Sahiden nedir ki hayatın en büyük anlamı? aile, aşk, dostlar, sevdikleriniz; iyi ve ahlaklı bir insan olmak. yaşanılan anlardan haz duymak. insanlara yardım etmek. hayatı haklı bir amacı gerçekleştirmek uğruna yaşamak. ve bir şeyler için mücadele etmek., bir şeyleri değiştirmeye çalışmak, bazen boşa vakit geçirmek, sevip karşılık alamamak. sonra hayal kırıklıklarına uğramak. üzülmek, sevismek, çocuk yapmak, intihar etmek istemek ve sonra yeniden hayata tutunmak, sevinmek , sevdiğiniz birilerini kaybetmek, ağlamak ... iyi bir eğitim alıp topluma faydalı bir vatandaş olmak,
bazen boşa vakit geçirmek, bilgili bir insan olmak ve daha çok şey öğrenmek, bilgileri öğrenmenin de ötesinde uygulamak, öğrenilen bilgilelerden ve yapılan eylemlerden haz duymak,
peki ya sonra?
Hayat zaten anlamsız ki hayatı anlamlaştıran biziz yanımıza aldığımız kişiler kendi seçimlerimiz. bunlar olmayınca yada yanlış seçimler olunca hayatın anlamsız gelmesi bu yüzden normal bence.

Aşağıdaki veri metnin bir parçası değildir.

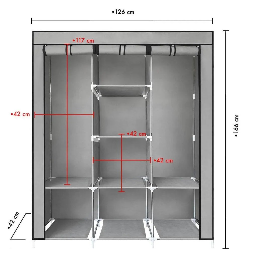 - Estantes internos: Niveles ajustables para guardar ropa doblada, cajas y accesorios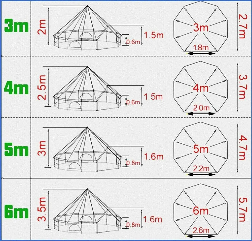 semicircular windows. While for the 5m and 6m tent, it is four rectangle windows. All door and windows are mesh screen with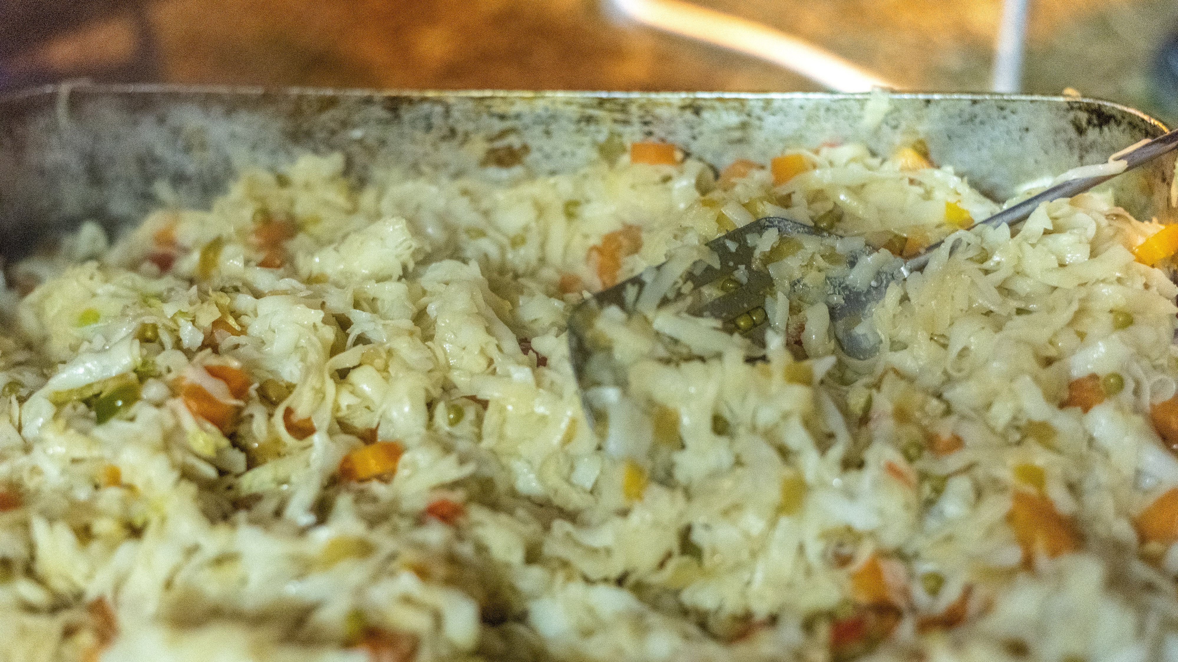 5. Laisser cuire encore 10 minutes sur le feu bien fort, en remuant régulièrement, pour ne pas faire brûler la préparation. Puis, pousser le mélange dans un coin du plat pour faire cuire les œufs, un peu comme des œufs brouillés. Si ça n’est pas possible, tu peux le faire dans une poêle séparée.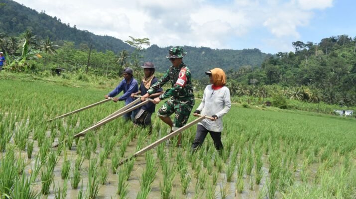 Dansatgas TMMD Ke-126 Kodim 0818/Malang-Batu, Letkol Czi Bayu Nugroho, bersama petani melakukan kegiatan matun pembersihan gulma padi secara tradisional di lahan sawah Desa Lebakharjo Kecamatan Ampelgading Kabupaten Malang.(10/2025)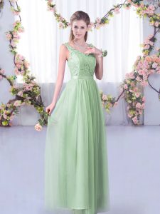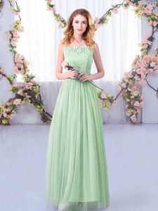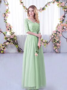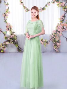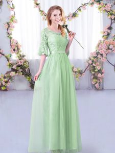 Apple Green Tulle Side Zipper Court Dresses for Sweet 16 Half Sleeves Floor Length Lace and Belt

hemen yanımda sinirimi bozan bir pislik aklımdan gitmemekte ve yeteri kadar uzakta olup da tiz seslerini bana ulaştırmada ısrarlı teyzelerin ağızlı konuşmaları yeteri kadar gürültü vermekte. yavaşça etrafı gözlemliyorum. aklım hala o pis şeyde. bazen ses gelmeyecek kadar uzakta olan çocuklara bakıyorum. oysa ortada tam bir gürültü hakim, yakında olanları anlayamıyorum. bir kuyruk. sıralarını kaptırmama telaşesi gösteren insanlar. el ele tutuşan çift. yaşlı amca ise sanki o genci evladına benzetmiş gibi bakıyor. ne şanslıyım ki kimse benimle konuşmuyor. evet işte tam bu tarz kaotik ortamda bir an sesler kısılıveriyor. tıpkı bölümün en ağır derslerinden birinin vizesine girdiğimde sınavdayken şöyle bir etrafa baktığımda gördüğüm sahne gibi. kalemin kağıdı çizme sesi ve hesap makinelerine tıklanma sesleri. tüm bu olayların karmaşıklığında etrafa bakıyorum. sanki o gürültüde sesler kısılmış gibi gözlerimi kırpmadan sessizliği duyabiliyorum. neden olduğuna anlam veremiyorum. otobüsten reklam panolarını izliyorum. köşeleri sivri olan. ağaçların dalları ne kadar da damarlarıma benziyor. otobüsteki kıza olan ilgime karşı özgür olup hayatın neden var olduğuna anlam vermeye çalışıyorum. otobüsün gürültülü o motor sesini bir an susturup bu soruda kendimi kaybediyorum.